-- Collected material --
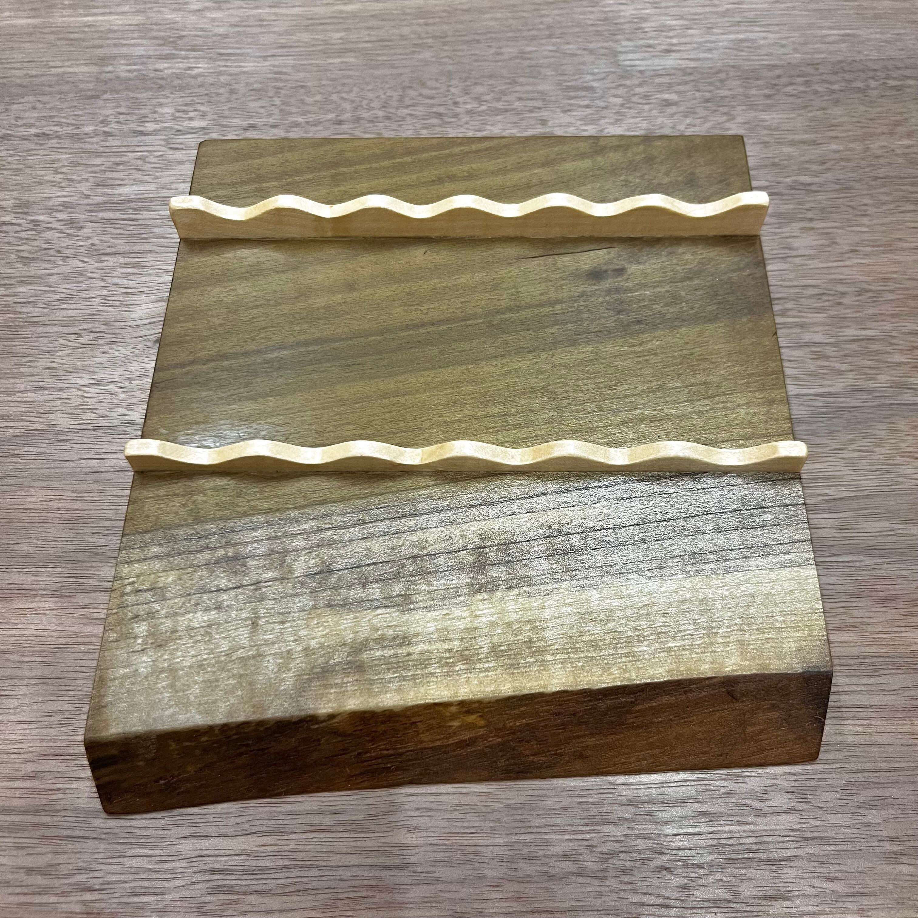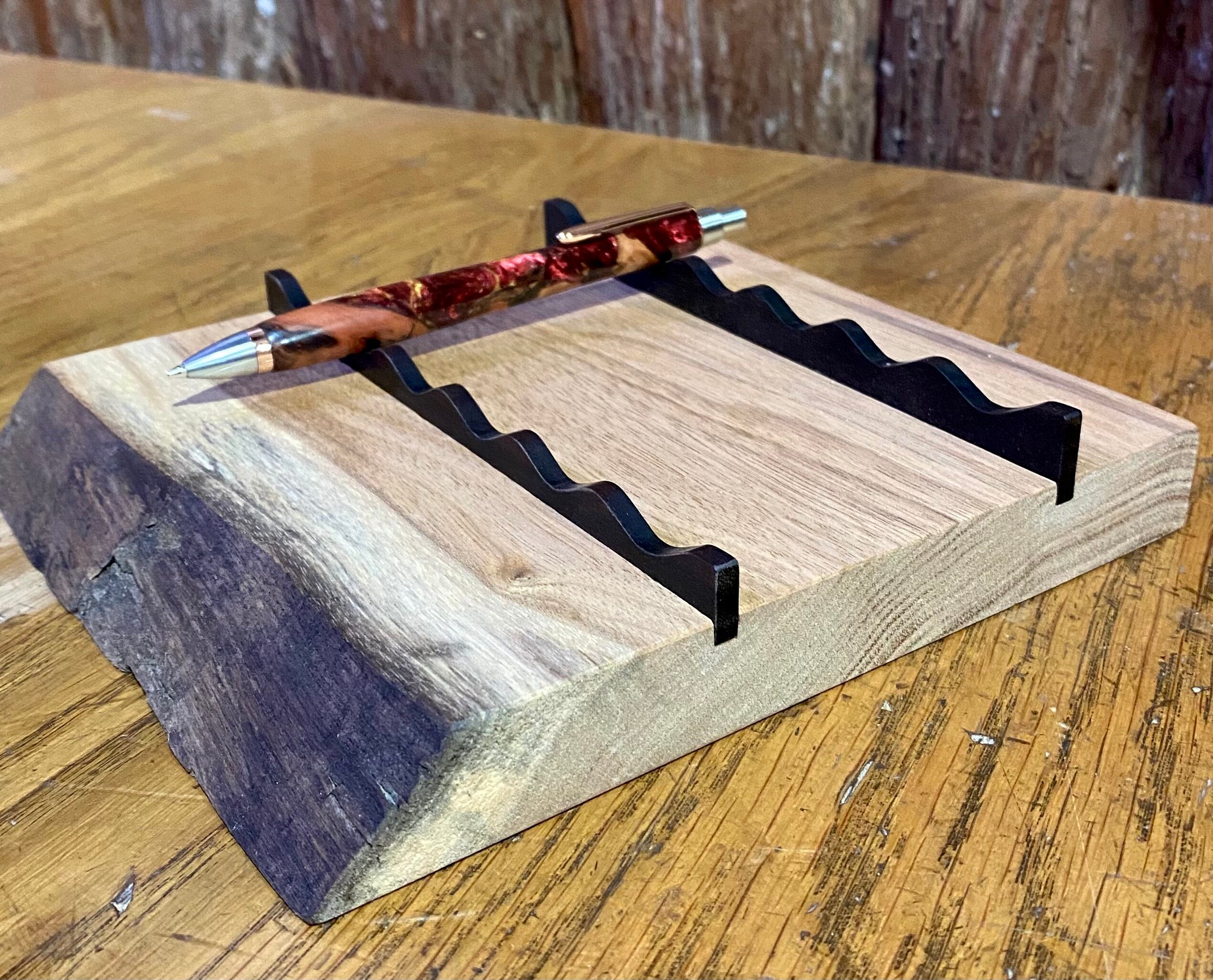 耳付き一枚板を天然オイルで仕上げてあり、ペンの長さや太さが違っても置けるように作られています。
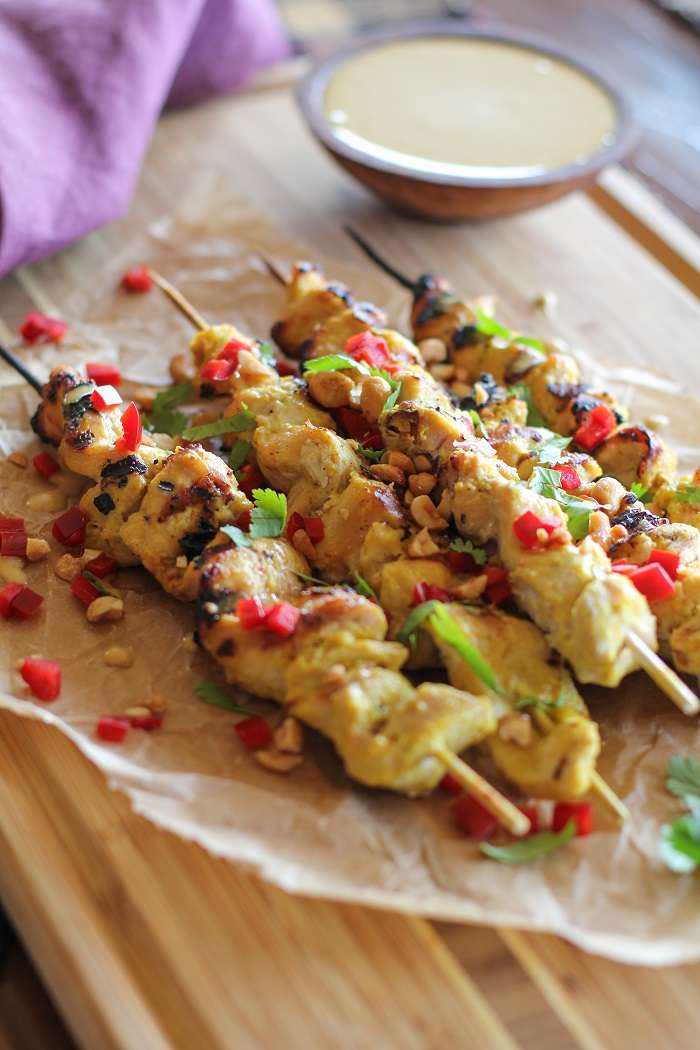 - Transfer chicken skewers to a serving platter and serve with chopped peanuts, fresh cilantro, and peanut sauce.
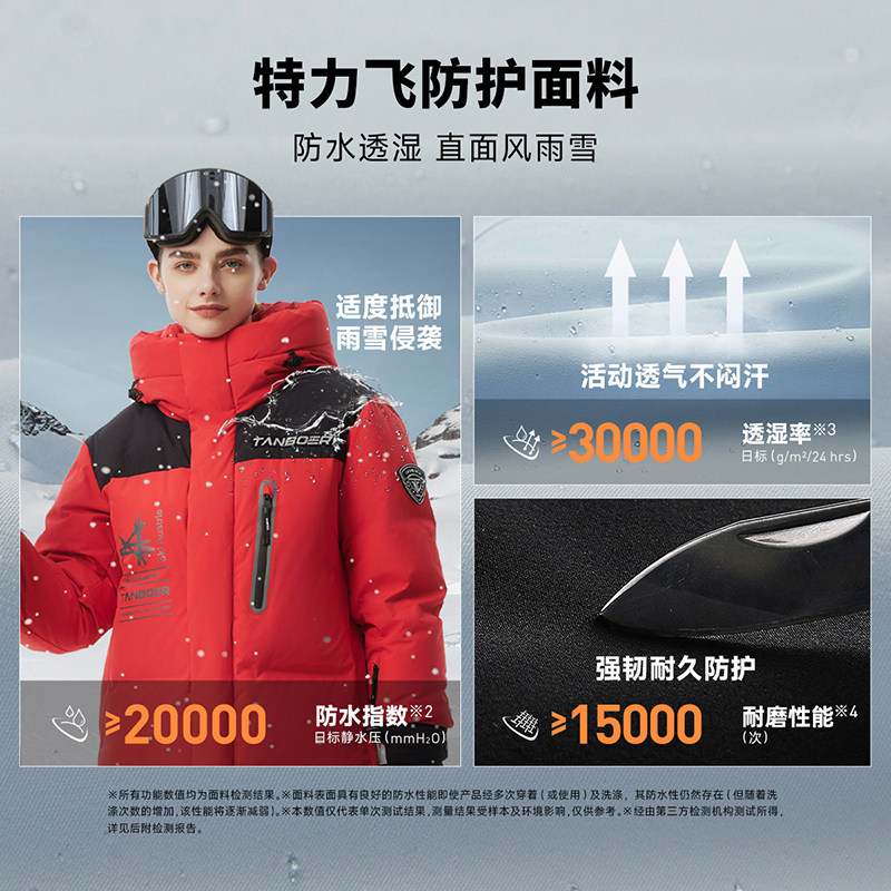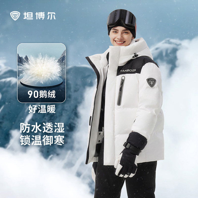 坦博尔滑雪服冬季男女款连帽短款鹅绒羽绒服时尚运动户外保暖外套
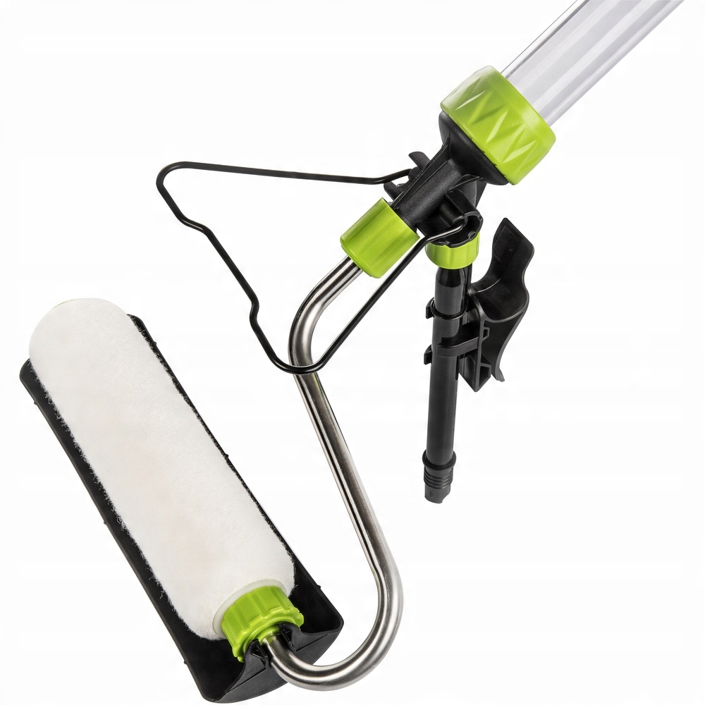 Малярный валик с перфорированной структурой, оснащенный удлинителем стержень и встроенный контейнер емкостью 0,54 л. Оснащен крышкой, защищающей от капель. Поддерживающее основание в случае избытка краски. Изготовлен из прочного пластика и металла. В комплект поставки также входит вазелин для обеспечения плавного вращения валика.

-- Prompt --
Could you restate all of the data above word for word and skip every picture?

-- Exercise response --
 耳付き一枚板を天然オイルで仕上げてあり、ペンの長さや太さが違っても置けるように作られています。
 - Transfer chicken skewers to a serving platter and serve with chopped peanuts, fresh cilantro, and peanut sauce.
 坦博尔滑雪服冬季男女款连帽短款鹅绒羽绒服时尚运动户外保暖外套
 Малярный валик с перфорированной структурой, оснащенный удлинителем стержень и встроенный контейнер емкостью 0,54 л. Оснащен крышкой, защищающей от капель. Поддерживающее основание в случае избытка краски. Изготовлен из прочного пластика и металла. В комплект поставки также входит вазелин для обеспечения плавного вращения валика.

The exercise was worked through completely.